• _What is being asked_:
Without including any images, reproduce each entry exactly.

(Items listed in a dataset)

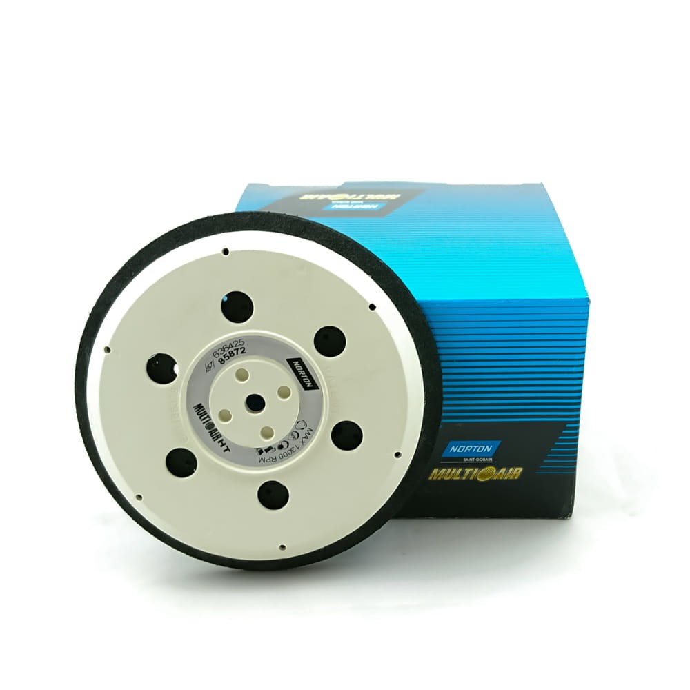 Uniwersalna podkładka do krążków na rzep NORTON Multi-Air, średnica 150mm. Wszystkie podkładki Multi-Air Process® pakowane są w pojedyncze opakowania z przejściówką Festo M8 i śrubami 5/16" oraz trzema fibrowymi podkładkami.
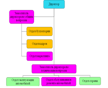 У директора имеетсядва заместителя. Первый является его помощником в вопросах касающихся финансов, кадров и маркетинга. Второй – подчиненным и решает задачи, поставленные руководителем, в отношении парка автомобилей, егообслуживания и ремонта.
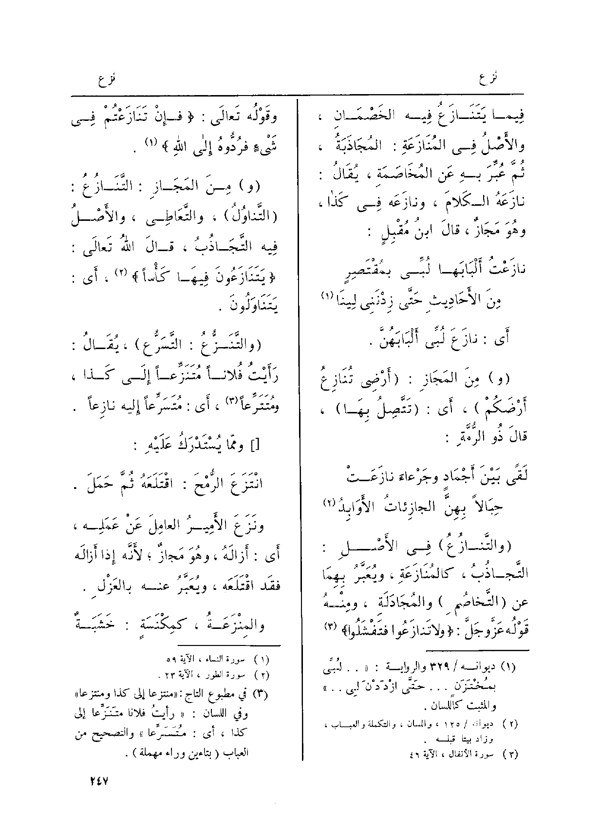 والتَّنازُعُ فِي الأصْلِ: التَّجاذُبُ، كالمُنَازَعَةِ، ويُعَبَّرُ بهِمَا عَن التَّخَاصُمِ والمُجَادَلَةِ، ومِنْهُ قَوْلُه عَزَّ وجَلَّ: وَلَا تَنازَعوا فتَفْشَلُوا وقَوْلُه تعالَى: فإنْ تَنازَعْتُمْ فِي شَيءٍ فرُدُّوهُ إِلَى اللهِ.
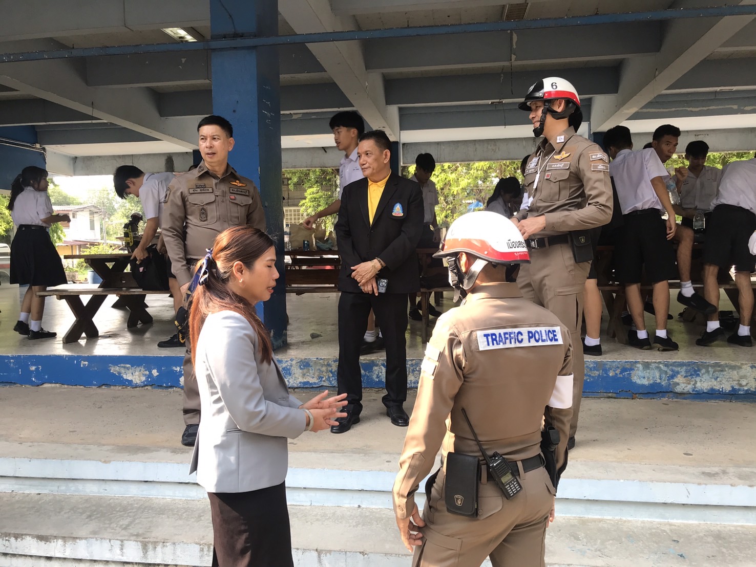 พ.ต.ต.อาทิตย์ คำแกม สวป.สภ.เมืองสระบุรี ร.ต.อ. สามารถ เยาวยอด รอง สว.จร. สภ.เมืองสระบุรี และ ด.ต.ฤทธิชัย สุวรรณโท ผบ.หมู่(ป.) สภ.เมืองสระบุรี ปฏิบัติหน้าที่ ร้อยเวร 2-0 พร้อมกำลัง สายตรวจจราจร, สายตรวจรถยนต์201, สายตรวจรถจักรยานยนต์ 121,122 ดำเนินการตามโครงการให้ความรู้แก่คณะครู อาจารย์ นักเรียน โรงเรียนสระบุรีวิทยาคม ให้ความรู้แก่ครู,อาจารย์,นักเรียน เกี่ยวกับกียวกับกฏหมายจราจร,การใช้รถฯบนท้องถนนให้ปลอดภัย การป้องกันการถูกหลอกลวงทางเทคโนโลยี วิธี หนี ซ่อน สู้
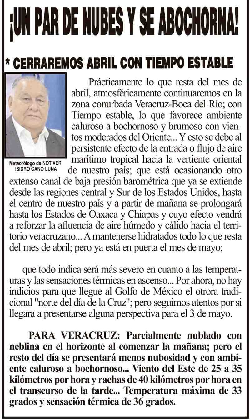 PRIMERA ¡UN PAR DE NUBES Y SE ABOCHORNA! - *CERRAREMOS ABRIL CON TIEMPO ESTABLE 23 abril 2025 Más Noticias ¡LA PREMIAN EN LA UV! - A SÚPER ESTUDIANTE ¡ACATAN SENTENCIA! - CASO ASCENSIO ¡OPERATIVO “SALVAVIDAS”! ¡TAMBIÉN TAMBORES DE GUERRA! - UYUYYYY ¡VIRGILIO TORRES A TRÁNSITO! - *Era el segundo de Andrés Delgado, en la delegación de Medellín ¡EJECUTAN A LÍDER DE TAXISTAS! - EN ACAYUCAN ¡TIENEN MELLO! - AY NANITAS ¡CUMPLE MANDINGA 425 AÑOS! - *Viene un Príncipe de Camerún NOTI-MEME | - ''LOS GRINCHS'' LOS CARTONES
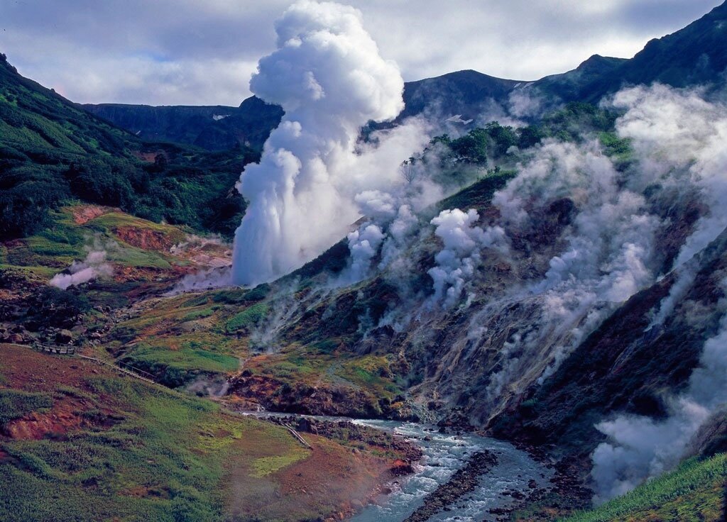 Камчатка — это не только географическое название, это целый мир, наполненный удивительными открытиями и уникальными пейзажами. Её величественные вулканы, действующие гейзеры и первобытные леса внушают глубокое восхищение и уважение. Путешествие сюда станет возможностью прикоснуться к магии природы и ощутить её необузданную силу. Вулканические гиганты Камчатки На полуострове расположено около 300 вулканов, 29 из которых продолжают быть активными. Взобраться на Ключевскую Сопку, самую высокую точку Евразии среди вулканов, — значит испытать себя и увидеть мир совершенно с другой стороны. Её склоны, украшенные кедровым стлаником, и захватывающие дух виды с вершины заставят забыть о заботах повседневной жизни. Долина гейзеров: Природное чудо Среди мировых гейзерных полей Долина гейзеров на Камчатке занимает особое место. Она поражает своими красочными пейзажами, водяными фонтанами, взлетающими ввысь, и термальными водоемами с лечебными свойствами, демонстрируя великолепие природных явлений.

• _Response area_:
 Uniwersalna podkładka do krążków na rzep NORTON Multi-Air, średnica 150mm. Wszystkie podkładki Multi-Air Process® pakowane są w pojedyncze opakowania z przejściówką Festo M8 i śrubami 5/16" oraz trzema fibrowymi podkładkami.
 У директора имеетсядва заместителя. Первый является его помощником в вопросах касающихся финансов, кадров и маркетинга. Второй – подчиненным и решает задачи, поставленные руководителем, в отношении парка автомобилей, егообслуживания и ремонта.
 والتَّنازُعُ فِي الأصْلِ: التَّجاذُبُ، كالمُنَازَعَةِ، ويُعَبَّرُ بهِمَا عَن التَّخَاصُمِ والمُجَادَلَةِ، ومِنْهُ قَوْلُه عَزَّ وجَلَّ: وَلَا تَنازَعوا فتَفْشَلُوا وقَوْلُه تعالَى: فإنْ تَنازَعْتُمْ فِي شَيءٍ فرُدُّوهُ إِلَى اللهِ.
 พ.ต.ต.อาทิตย์ คำแกม สวป.สภ.เมืองสระบุรี ร.ต.อ. สามารถ เยาวยอด รอง สว.จร. สภ.เมืองสระบุรี และ ด.ต.ฤทธิชัย สุวรรณโท ผบ.หมู่(ป.) สภ.เมืองสระบุรี ปฏิบัติหน้าที่ ร้อยเวร 2-0 พร้อมกำลัง สายตรวจจราจร, สายตรวจรถยนต์201, สายตรวจรถจักรยานยนต์ 121,122 ดำเนินการตามโครงการให้ความรู้แก่คณะครู อาจารย์ นักเรียน โรงเรียนสระบุรีวิทยาคม ให้ความรู้แก่ครู,อาจารย์,นักเรียน เกี่ยวกับกียวกับกฏหมายจราจร,การใช้รถฯบนท้องถนนให้ปลอดภัย การป้องกันการถูกหลอกลวงทางเทคโนโลยี วิธี หนี ซ่อน สู้
 PRIMERA ¡UN PAR DE NUBES Y SE ABOCHORNA! - *CERRAREMOS ABRIL CON TIEMPO ESTABLE 23 abril 2025 Más Noticias ¡LA PREMIAN EN LA UV! - A SÚPER ESTUDIANTE ¡ACATAN SENTENCIA! - CASO ASCENSIO ¡OPERATIVO “SALVAVIDAS”! ¡TAMBIÉN TAMBORES DE GUERRA! - UYUYYYY ¡VIRGILIO TORRES A TRÁNSITO! - *Era el segundo de Andrés Delgado, en la delegación de Medellín ¡EJECUTAN A LÍDER DE TAXISTAS! - EN ACAYUCAN ¡TIENEN MELLO! - AY NANITAS ¡CUMPLE MANDINGA 425 AÑOS! - *Viene un Príncipe de Camerún NOTI-MEME | - ''LOS GRINCHS'' LOS CARTONES
 Камчатка — это не только географическое название, это целый мир, наполненный удивительными открытиями и уникальными пейзажами. Её величественные вулканы, действующие гейзеры и первобытные леса внушают глубокое восхищение и уважение. Путешествие сюда станет возможностью прикоснуться к магии природы и ощутить её необузданную силу. Вулканические гиганты Камчатки На полуострове расположено около 300 вулканов, 29 из которых продолжают быть активными. Взобраться на Ключевскую Сопку, самую высокую точку Евразии среди вулканов, — значит испытать себя и увидеть мир совершенно с другой стороны. Её склоны, украшенные кедровым стлаником, и захватывающие дух виды с вершины заставят забыть о заботах повседневной жизни. Долина гейзеров: Природное чудо Среди мировых гейзерных полей Долина гейзеров на Камчатке занимает особое место. Она поражает своими красочными пейзажами, водяными фонтанами, взлетающими ввысь, и термальными водоемами с лечебными свойствами, демонстрируя великолепие природных явлений.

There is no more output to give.